Opinión | Foro romano

Fusiles, claveles, cardos y fango

Hace cincuenta años España empezó a mirar hacia la vecina Portugal, en plena revolución de los claveles, para encontrar lo que aún no existía en aquel país en dictadura: la democracia

La hora que la política atraviesa un momento en el que hasta el llanto y el crujir de dientes se refleja en la cara de un presidente de Gobierno, legalmente elegido, es el momento de mirar esas efemérides que nos transforman como seres humanos porque hablan de libertad, compromiso, ética, estética y belleza moral. Me refiero al pasado jueves 25 de abril, día en el que desde hace 50 años celebro, esté donde esté, aquella revolución de Portugal en la que los soldados le sacaron las balas del dictador Marcelo Caetano a los fusiles, los llenaron de la belleza de los claveles que una camarera se llevaba de un banquete suspendido y convirtieron la plaza del Rossio en un nuevo espacio donde las notas de la canción Grandola, vila morena alertaban a los españoles amantes de la libertad a imaginar un tiempo parecido en España, el que poco después se llamaría Transición. No sé si las clases de aquella mañana habían sido de Estética, Sociología o Filosofía del Derecho, lo cierto es que éramos muy jóvenes y acabábamos de salir de la «Ponti», la Universidad Pontificia de Salamanca, donde cursábamos el último año de la carrera de Filosofía Pura. Era jueves 25 de abril, hacía sol y casi como todos los días a esas horas nos parábamos en alguno de los bares del Paseo de las Carmelitas, antes de llegar a la Puerta de Zamora, por donde vivíamos, donde ponían tapa gratis con las cervezas y los tintos. Y tampoco me acuerdo de la tapa que nos pusieron, si jeta, farinato, morros, torreznos, patatas o ancas de rana. Lo cierto es que aunque era un tiempo sin móviles, ordenadores ni internet, por la radio, por la televisión del bar o por los comentarios de los clientes y de mis compañeros Pepe Aranda, Ángel López Alegre y José Ángel Costa Berni se me quedaría grabada para siempre la noticia de aquella madrugada en Portugal, el alumbramiento de una primavera de claveles rojos adornando cañones de fusiles. El pasado jueves, 25, hizo cincuenta años, tiempo en que España empezó a mirar a Portugal para encontrar lo que aún no existía en aquel país en dictadura: la democracia.

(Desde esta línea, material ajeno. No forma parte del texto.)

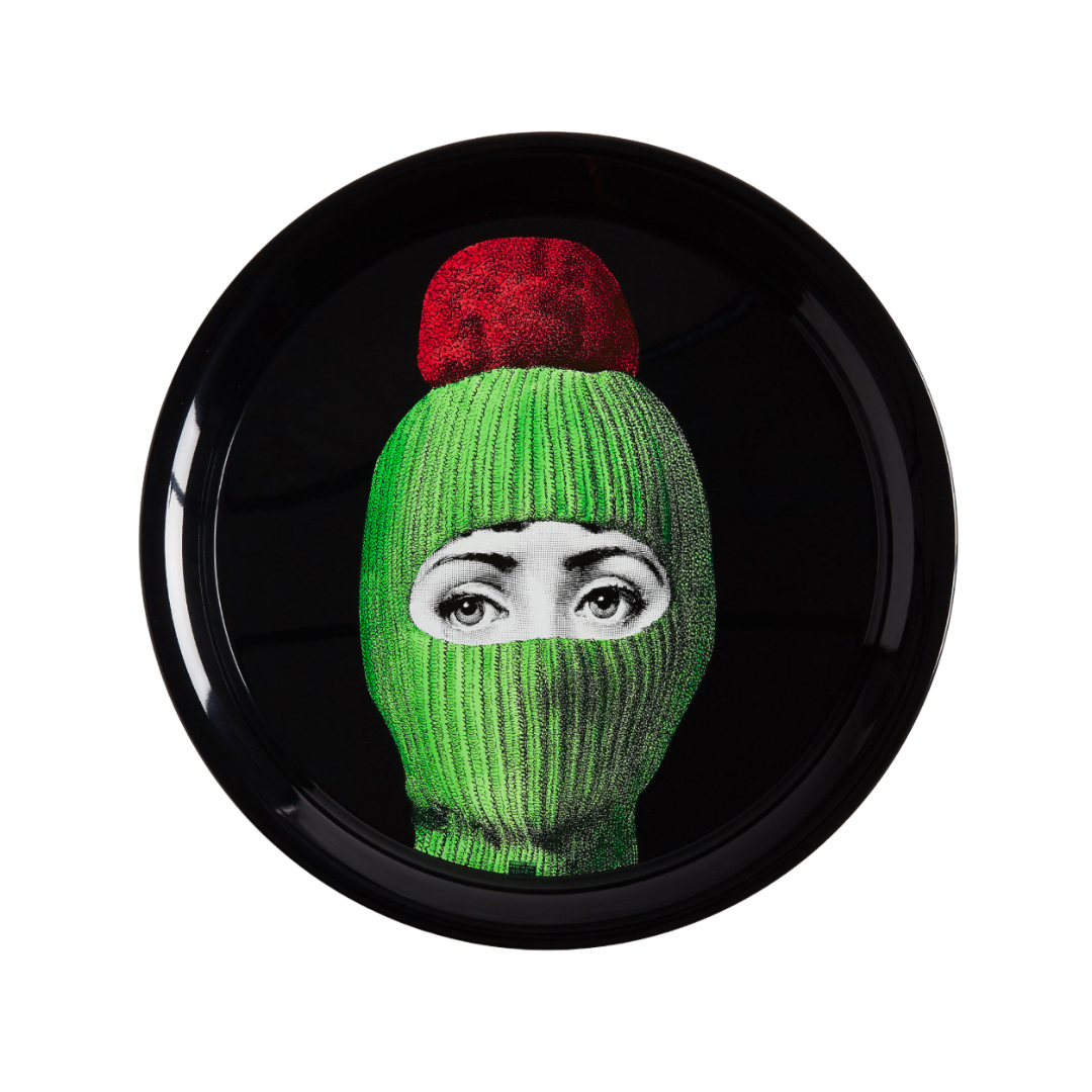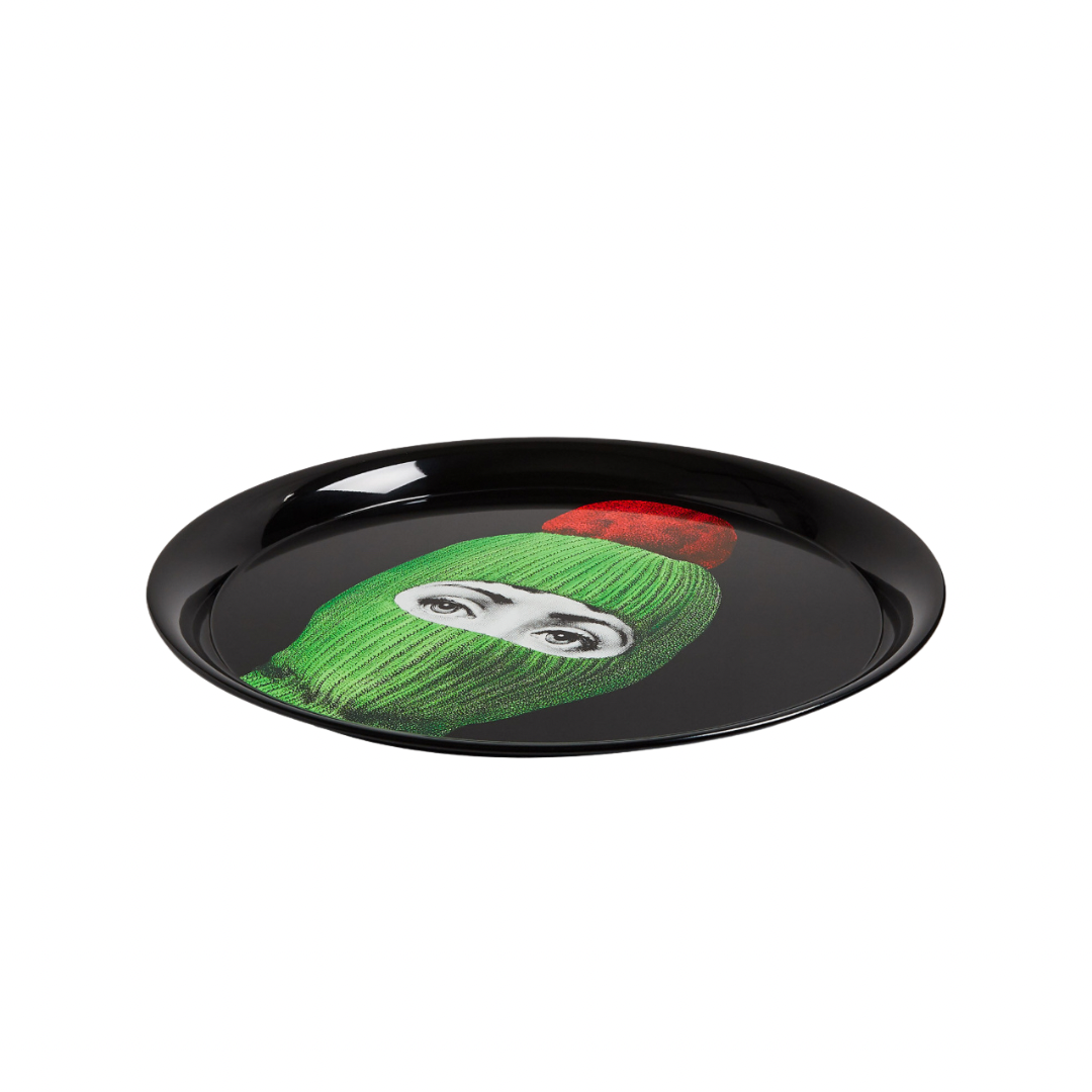 The circular shape and flat surface give great prominence to the Atelier decorations. This hand-silkscreened, painted, and lacquered tray features the famous Lux Gstaad decoration standing out against the black background in all its irony. Combined with a foldable stand, the tray can be transformed into a coffee table.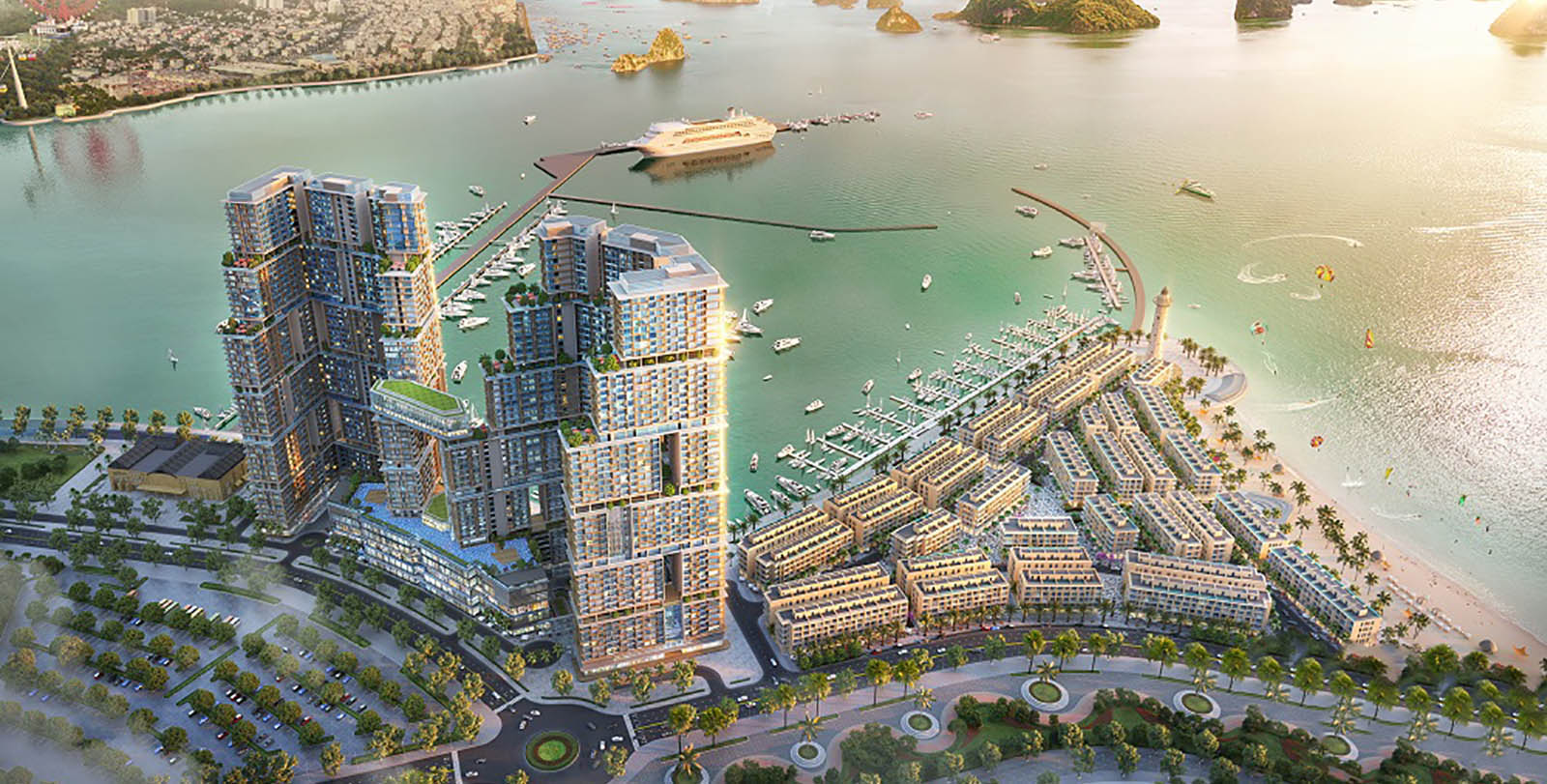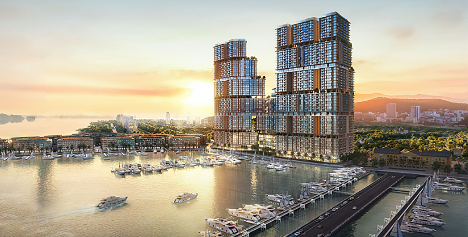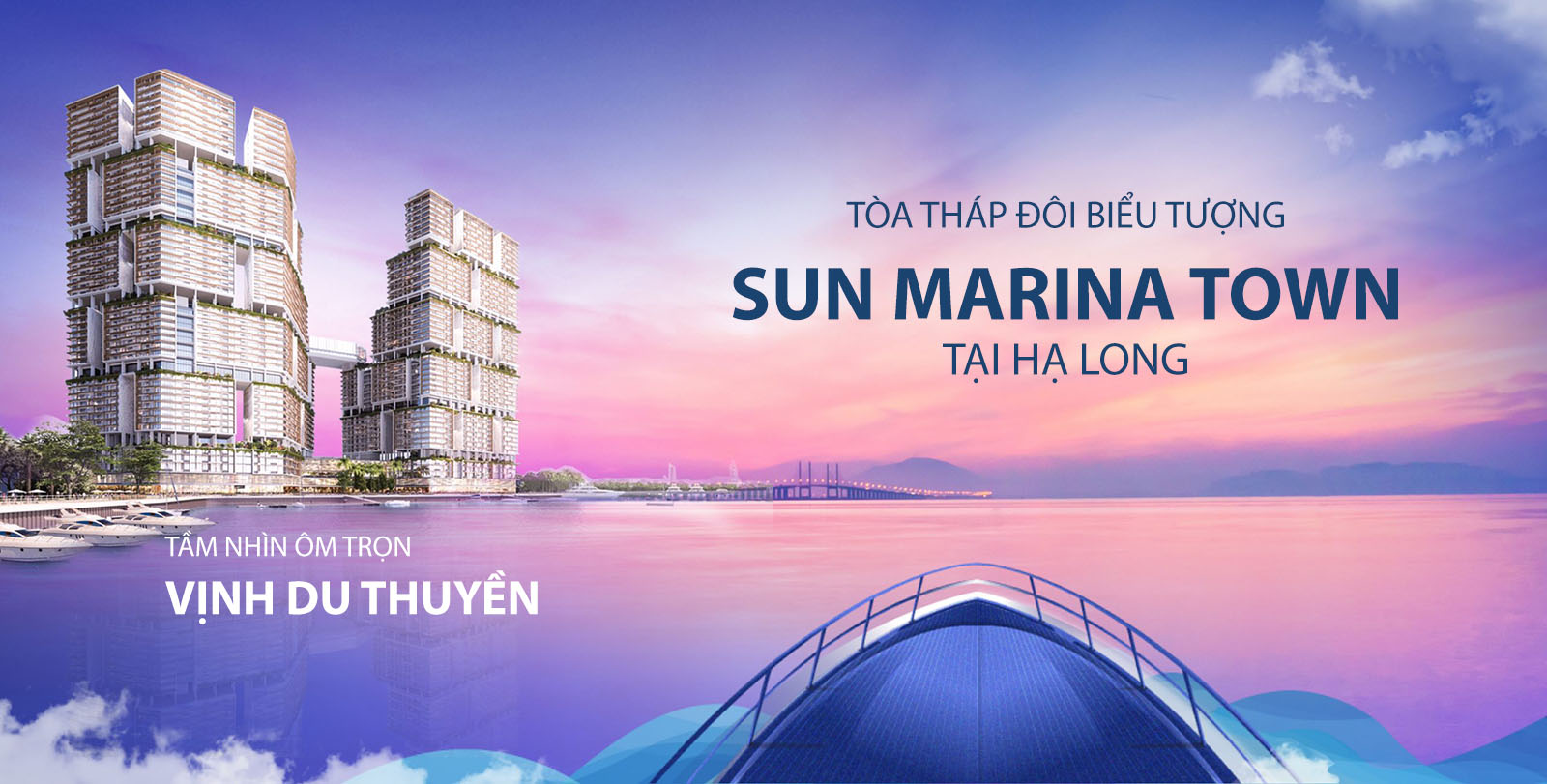 Sun Marina Town là tòa tháp đôi ven biển đắt giá, một biểu tượng sẽ vươn tầm thế giới. Nơi mỗi căn hộ được ví như một chiếc du thuyền giữa tầng không, phóng tầm mắt thu trọn cả biển trời và hàng ngàn hòn đảo lớn nhỏ của vịnh biển di sản.

Y es que ahora, que parece que aquellos fusiles de Portugal han cambiado sus claveles por cardos, y una parte de la política intenta caminar por el fango de la dictadura, hay que volver a fijarse en los momentos en que hemos sido felices, como el de los grifos de las comarcas de Los Pedroches y El Guadiato donde ha vuelto el agua limpia a correr por sus cañerías. O esta misma mañana, donde las flores serán la única arma arrojadiza con la que se «peleen» los ciudadanos cordobeses en la «batalla» que se librará por el centro de la ciudad adornada con claveles y coches de caballos. También nos pondremos contentos por los 50 años de los patios, los 50 de los primeros alcaldes democráticos, los treinta del centro comercial La Sierra, los 60 de cultura y lucha del Juan XXIII y los cien años de Telefónica. Era todavía un crío y estaba estudiando bachillerato. Uno de mis escenarios favoritos era el barranco de los Baños califales, en el Campo Santo de los Mártires, al lado del Jardín del Obispo. Todavía era virgen en llamar por teléfono desde una cabina.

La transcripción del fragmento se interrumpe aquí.